Daddy resituated himself on the couch into a little lazier position than he’d held. He smirked knowing how riled I’d become, knowing that there wasn’t a chance in hell I’d hit him. I think he pushed me like that just to see if he could drag what genes he’d given out of me to inspect. “Guess my boy’s in love.”

I knew he’d said it just to get my blood boiling, but that didn’t really matter. There wasn’t any woman fit for talking like that as far as I was concerned, not even Josephine, but certainly not a girl like Maggie, certainly not someone so innocent.

“Well, are you going to tell the goddamn story or not?”
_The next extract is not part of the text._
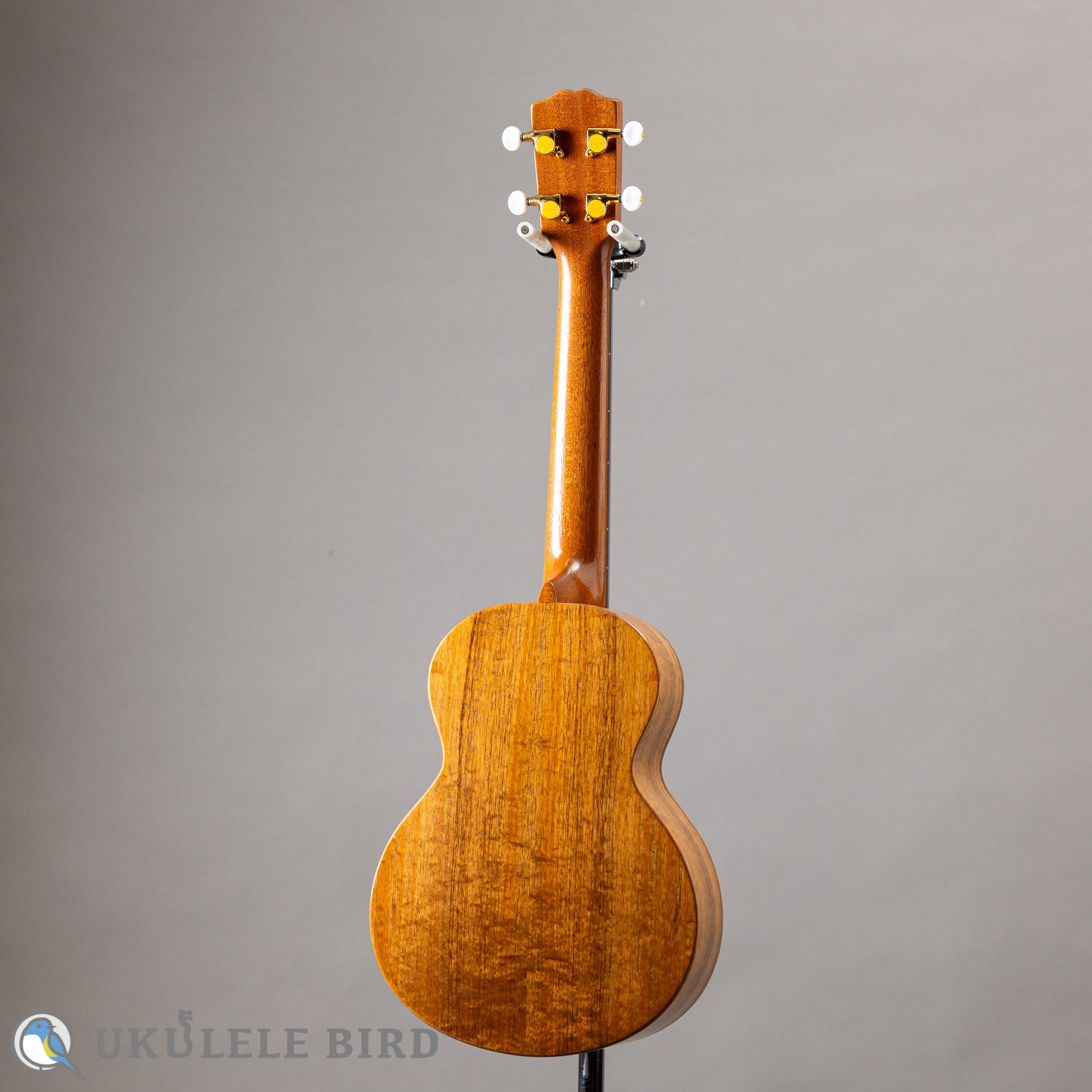 The body is made of beautiful curly-grained Hawaiian Koa, which produces a bright, crisp tone with a rich, expansive sound. It's perfect for a wide range of playing styles, from solos to accompaniment.

“She was there with Avery, and he was fixing to make her do something she didn’t need to be doing, so I hit him.”

“What was he fixing to make her do?”

“That ain’t important.”

“Of course it’s fucking important. Stories hinge on shit like this. So, tell me.” Daddy looked at me with a lowered brow that cast a heavy ledge over his eyes.

“He was cranked out of his brain and was about to try and put that shit up
her
nose. You happy?”

“Matter of fact, I am. Matter of fact, that makes me awfully fucking happy.” Daddy scooted toward me, slapped me in the back of the head, then palmed my crown and rattled my skull. He settled his bare arm around my neck and that warmness in him felt as close to anything fatherly as I’d felt in a long time. “Awfully fucking happy,” he said.